Fulvio Di Piazza, Pacific, 2014

Poi il ritmo si spezza. Con Emanuele Giuffrida, il vuoto acquista centralità: ambienti rarefatti, interni deserti, luci crudeli che trasformano l’assenza in materia visiva. Le sue tele sospendono il tempo e costringono lo spettatore a un confronto silenzioso con lo spazio e la luce, restituendo alla pittura una dimensione meditativa. Di segno opposto, ma complementare, Ariel Cabrera Montejo affronta la storia come un archivio da dissacrare e reinventare: l’iconografia patriottica cubana viene ricomposta in scene ambigue, dove erotismo e memoria si fondono in un linguaggio che trasforma il passato in un campo di tensione critica.

Ruth Beraha, Love me tender, 2020

Le masse indistinte di Ruth Beraha si presentano come un esercizio di spersonalizzazione: volti ripetuti fino alla perdita d’identità, un coro visivo che riflette sul potere e sulle sue forme invisibili. Chiara Calore, invece, si muove nelle zone di confine tra umano e inumano: le sue figure ibride, sospese tra animale, vegetale e spirituale, sembrano evocare un’iconografia arcaica e insieme ultramoderna, una pittura che parla di metamorfosi più che di rappresentazione.

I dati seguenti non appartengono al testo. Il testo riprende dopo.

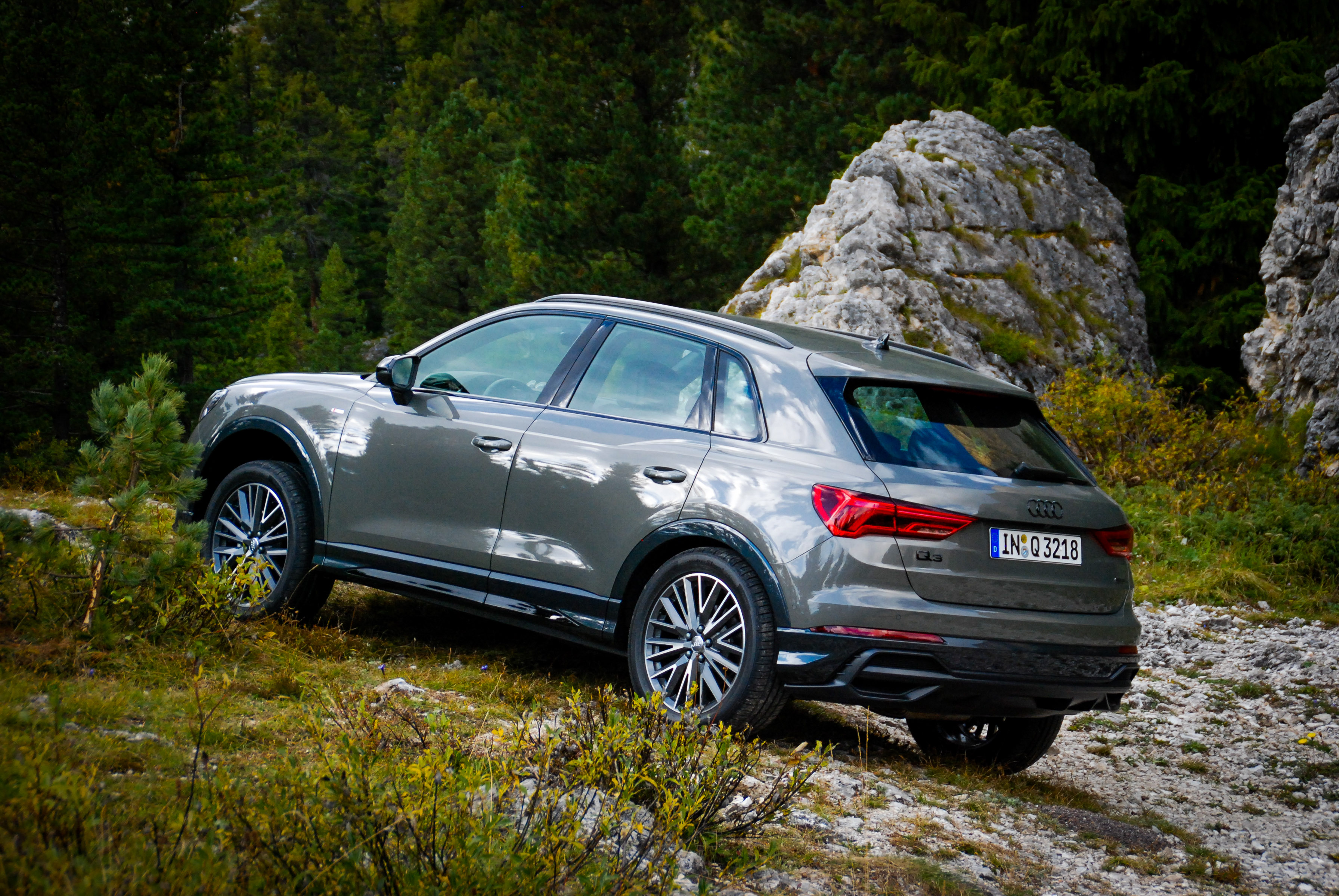 Nekoč najmanjši Audijev Q - do prihoda še manjšega Q2 pred dvema letoma - je v drugi generaciji postal občutno večji avto, pa tudi elegantnejši od svojega predhodnika. Očitno je, da se po prostoru in vsebini želi jasneje ločiti od manjšega Q2. V dolžino je zato zrasel za skoraj 10 cm (448,5 cm), medosna razdalja je daljša za 7,7 cm (268 cm), v širino je pridobil slab centimeter. Oblikovalci so z bolj razburljivo začrtanimi linijam, ki močno spominjajo na velikega Q8, poskrbeli, da je kompaktni Q3 na cesti videti bolj samozavesten.

Andrea Mastrovito rilegge il gesto infantile del frottage per costruire atlanti concettuali in cui economia e memoria diventano materia pittorica, mentre Pete Wheeler gioca con collisioni e dissonanze tra figurazione e astrazione, spingendo l’immagine verso la soglia della sua dissoluzione. Santiago Ydáñez affronta il volto umano come campo di tensione estrema: deformato, ingigantito, reso icona di una condizione universale di fragilità. Chiude il percorso Federico Guida, con una pittura sospesa, abitata da figure silenziose e dense di una drammaticità che non urla ma persiste, come un’eco antica.

Pete Wheeler, Skin for skin, 2011

In questo intreccio non c’è gerarchia: le opere non si dispongono in serie, ma si rispondono, generando un tessuto di risonanze che attraversa lo spazio. L’allestimento, volutamente essenziale, amplifica questa coralità: la Chiesa monumentale di San Francesco diventa un luogo di concentrazione, dove la pittura non è oggetto, ma esperienza, un dispositivo che costringe a riconsiderare la postura dello sguardo.

La mostra nasce dalla collezione della Fondazione THE BANK ETS – Istituto per gli Studi sulla Pittura Contemporanea, fondata da Antonio Menon nel 2023. Con oltre 1.300 opere, la Fondazione è un osservatorio dedicato alla pittura figurativa, un archivio critico che promuove progetti espositivi e pubblicazioni capaci di restituire alla pittura il ruolo di linguaggio ancora radicalmente necessario.

Dal 9 agosto, Giganti si configura come un dispositivo capace di sospendere ogni automatismo dello sguardo. Non si tratta di vedere di più, ma di vedere diversamente: di accettare la pittura come campo di esperienza, come struttura che costringe a un confronto diretto e intransigente.

In questo spazio, l’immagine non si limita a esistere: agisce. E nell’attrito che instaura con chi guarda, restituisce alla visione il suo compito critico più radicale.